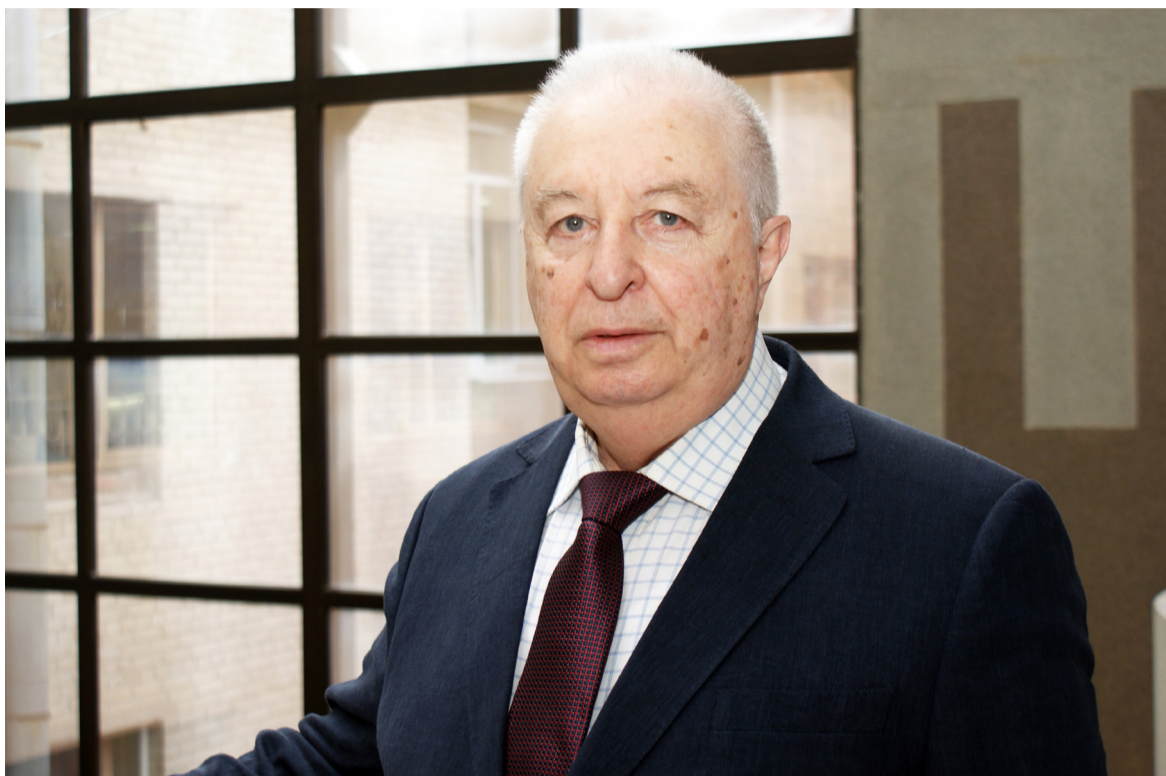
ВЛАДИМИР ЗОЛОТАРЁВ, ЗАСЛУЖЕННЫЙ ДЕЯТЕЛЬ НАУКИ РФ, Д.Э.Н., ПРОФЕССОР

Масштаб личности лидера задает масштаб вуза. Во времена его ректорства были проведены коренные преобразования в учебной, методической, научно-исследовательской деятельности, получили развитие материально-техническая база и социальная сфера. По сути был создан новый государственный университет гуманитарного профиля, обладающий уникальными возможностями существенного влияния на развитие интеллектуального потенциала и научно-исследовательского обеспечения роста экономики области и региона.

...

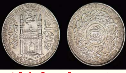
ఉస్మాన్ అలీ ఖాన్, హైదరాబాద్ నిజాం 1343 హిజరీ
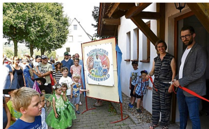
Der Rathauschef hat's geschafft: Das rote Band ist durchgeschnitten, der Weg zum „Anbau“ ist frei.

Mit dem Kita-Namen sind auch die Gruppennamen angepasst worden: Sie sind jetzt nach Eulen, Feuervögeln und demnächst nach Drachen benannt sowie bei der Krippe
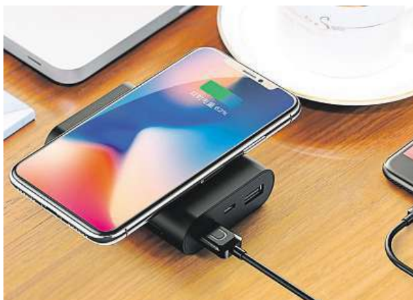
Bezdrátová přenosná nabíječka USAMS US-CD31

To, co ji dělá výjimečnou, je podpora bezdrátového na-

▶ _WHAT YOU ARE ASKED TO DO_
Nothing but the lines above from the one that has "ఉస్మాన్ అలీ ఖాన్, హైదరాబాద్ నిజాం 1343 హిజరీ" down to the one that has "Der Rathauschef hat's" belongs in the answer, copied exactly, without pictures.

▶ _SOLUTION FOR THIS TASK_
ఉస్మాన్ అలీ ఖాన్, హైదరాబాద్ నిజాం 1343 హిజరీ
Der Rathauschef hat's geschafft: Das rote Band ist durchgeschnitten, der Weg zum „Anbau“ ist frei.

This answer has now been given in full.